Truly objective advice is the variety of guidance I'll almost always welcome. And when you have a daughter, it's never too early to start looking for it. The work of JoAnn Deak, Ph.D., is an excellent place to start. More here on raising confident and courageous daughters.
Let's be honest - it's a scary time to be a girl's parent. For every new, previously unimaginable opportunity offered to this generation of daughters, they face a challenge that was equally unimaginable to the generations who came before them. Dr. Deak's Girls Will Be Girls - Raising Confident and Courageous Daughters, recognizes this dichotomy. Dr. Deak takes her readers on a journey through the female brain from toddlerhood to high school graduation, highlighting the many gray areas of modern parenting and offering pearls of wisdom (literally at the end of each chapter) along the way. She also includes chapters on social development and another written specifically for fathers.

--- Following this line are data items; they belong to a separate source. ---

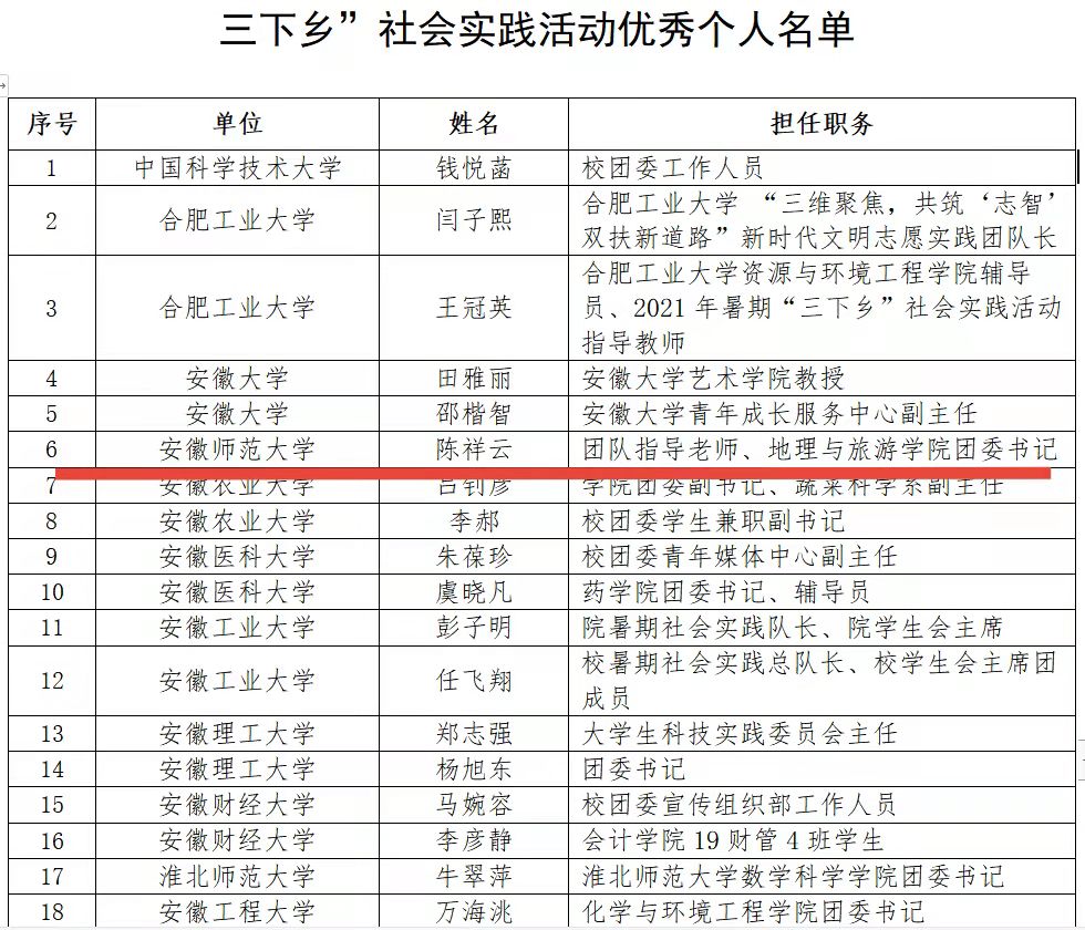 团委书记陈祥云,陈祥云曾获得安徽省微团课大赛一等奖、安徽师范大学辅导员素质能力大赛三等奖,获评安徽师范大学优秀党务工作者、安徽师范大学暑期“三下乡”社会实践活动“优秀指导教师”等荣誉称号;担任旅游本科生党支部书记期间,支部获评教育部第二批全国党建工作样板支部培育创建单位。
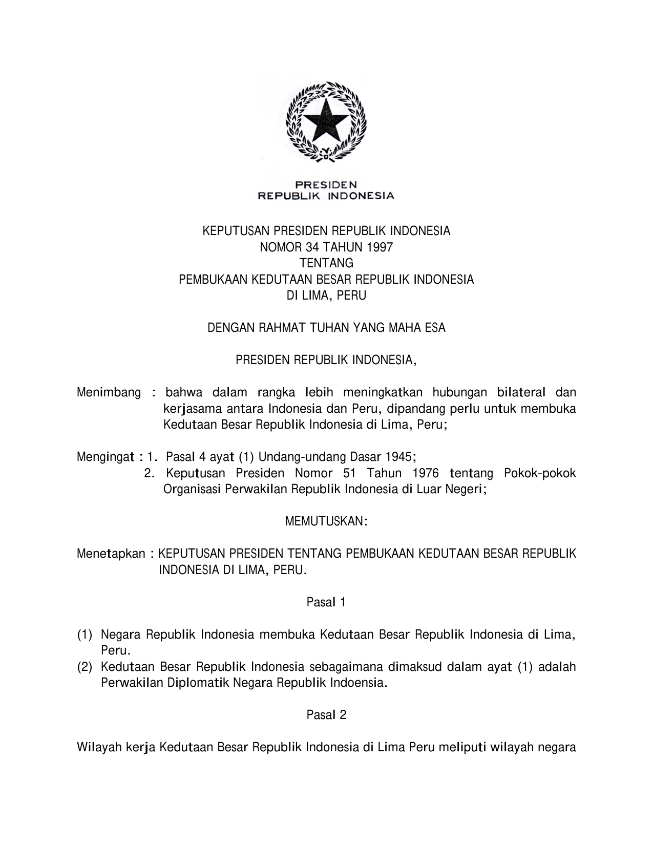 KEPPRES Nomor 34 Tahun 1997 | Keputusan Presiden Nomor 34 Tahun 1997 tentang PEMBUKAAN KEDUTAAN BESAR RI DI LIMA, PERU
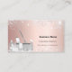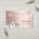 An elegant and glamourous business card on a blush, rose gold faux metallic looking background decorated with faux silver glitter dust on front and cleaning equipment. Personalise and add Your name, text contact info and your own QR code to your website address.
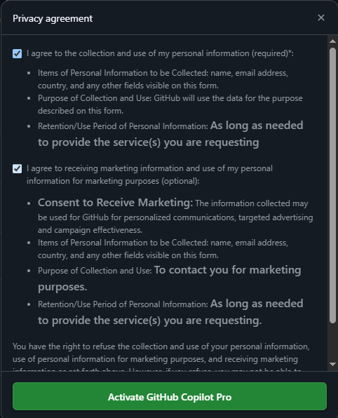- Upgrade to Copilot Pro 버튼을 클릭하시고, 개인정보 및 카드정보를 입력합니다.

The whole book is thought-provoking, but a couple of chapters stand out in particular: Everything and Nothing: Sharing the Adolescent Girl's Struggle to Be and Become Herself; and Aiming to Please: Moving Beyond the "Tyranny of Niceness." The former focuses on the many venues in which today's girl faces and is encouraged to partake in competition, and the constant struggle to "measure up" - to themselves, to their mothers, and to society's new expectations. The latter stopped me in my tracks: from day one, girls are taught and told to "be nice" or "be a good girl" and applauded for being "sweet." The language is ingrained in our treatment of girls. Staying balanced (and sane) on what Dr. Deak refers to as the pleasing continuum is something many women don't master until much later in life.

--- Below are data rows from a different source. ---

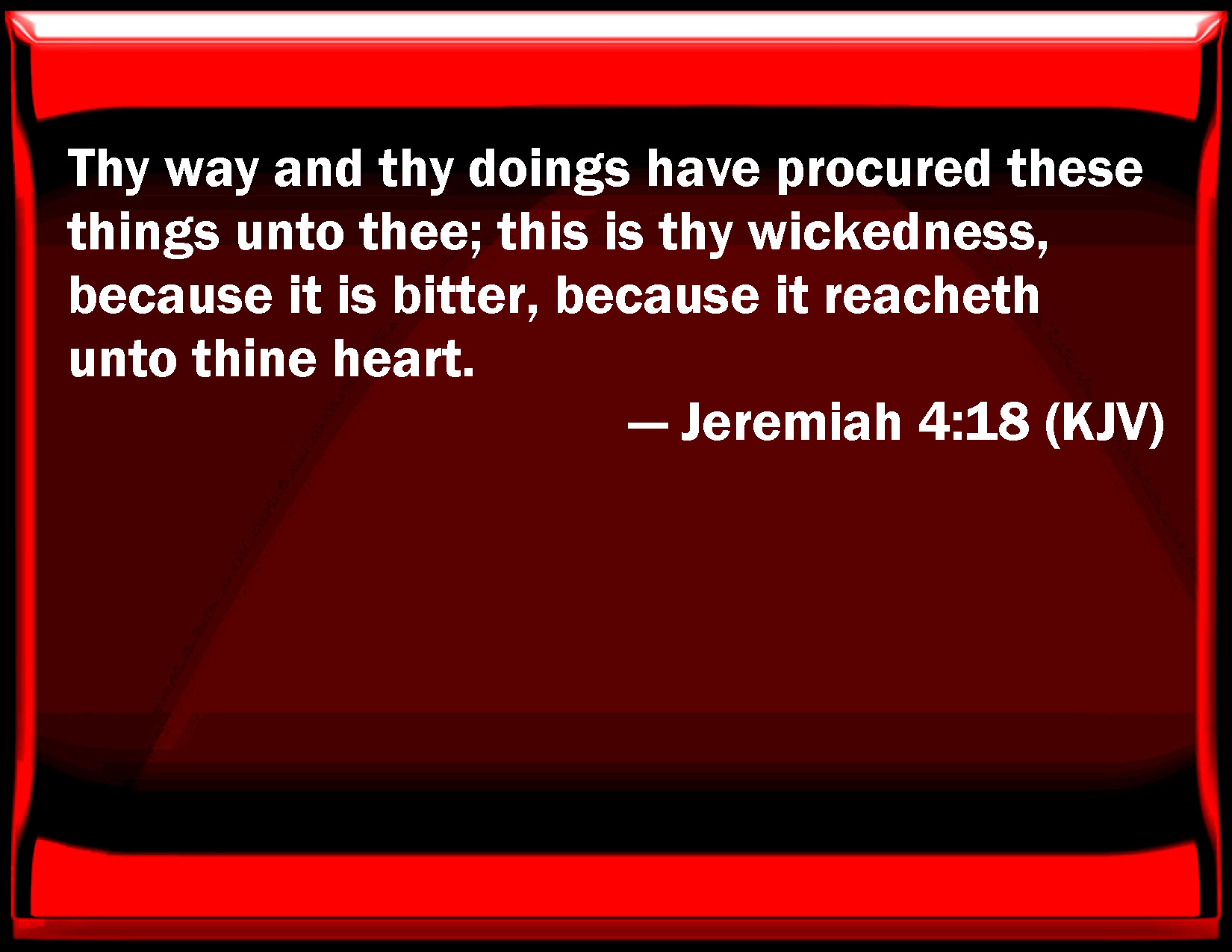 Bible Verse Slide Jeremiah 4:18 Your way and your doings have procured these things to you; this is your wickedness, because it is bitter, because it reaches to your heart. KJV: Thy way and thy doings have procured these things unto thee; this is thy wickedness, because it is bitter, because it reacheth unto thine heart. DRB: Thy ways, and thy devices have brought these things upon thee: this is thy wickedness, because it is bitter, because it hath touched thy heart. DBT: Thy way and thy doings have procured these things unto thee; this is thy wickedness, yea, it is bitter, yea, it reacheth unto thy heart. ERV: Thy way and thy doings have procured these things unto thee; this is thy wickedness; for it is bitter, for it reacheth unto thine heart. WBT: Thy way and thy doings have procured these things to thee; this is thy wickedness, because it is bitter, because it reacheth to thy heart. WEB: "Your way and your doings have brought these things to you. This is your wickedness; for it is bitter, for it reaches to your heart." YLT: Thy way and thy doings have done these to thee, This is thy vexation, for it is bitter, For it hath struck unto thy heart.Links Jeremiah 4:18 NIV • Jeremiah 4:18 NLT • Jeremiah 4:18 ESV • Jeremiah 4:18 NASB • Jeremiah 4:18 KJV • Jeremiah 4:18 Interlinear • Jeremiah 4:18 Commentaries • Jeremiah 4:18 Parallel Texts • Jeremiah 4:18 Bible Apps • Jeremiah 4:18 Parallel • Bible Hub |
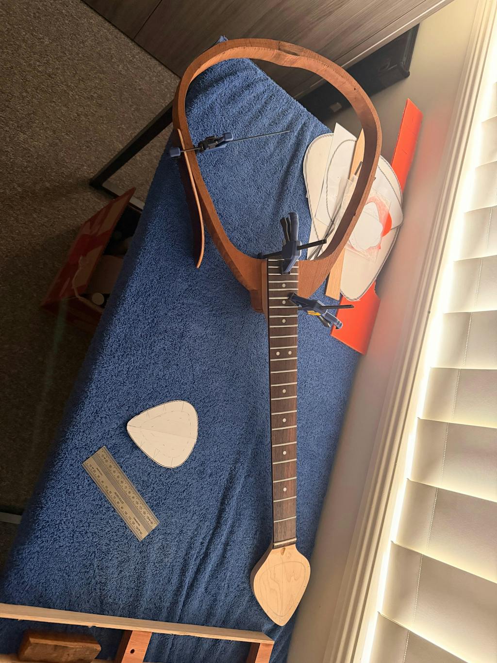 Mark sent me 2 amazing pieces of perfectly quarter sawn cedar boards that are in the process of becoming the sides of a plectrum shaped guitar. While it won't surf very well, it will sound better than his surfboards (grin) - quality product, quick delivery, a great deal
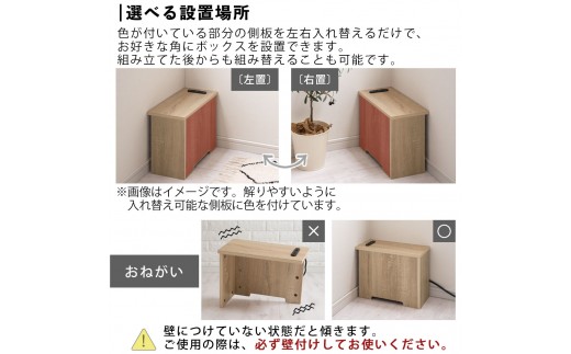 部屋の角にピタリとつける目隠しボックス。コンセントや配線にホコリが被りにくくなっています。

Girls Will Be Girls was written in 2002. There's discussion of AIDS, but no mention of HPV; chat rooms are mentioned, however the use and breadth of social media has grown exponentially in the past 14 years. I reached out to Dr. Deak, and she feels that "even though the book is over a decade old, the core of how to understand daughters and to help them to grow remains unchanged." Dr. Deak also recommends supplementing Girls Will Be Girls with Catherine Steiner-Adair's The Big Disconnect to better address issues related to the impact and stress of social media on our daughter's lives.
Whether you're a parent, an educator, or a woman trying to gain a better understanding of her own childhood, this book is for you. I'll be referencing it for years to come.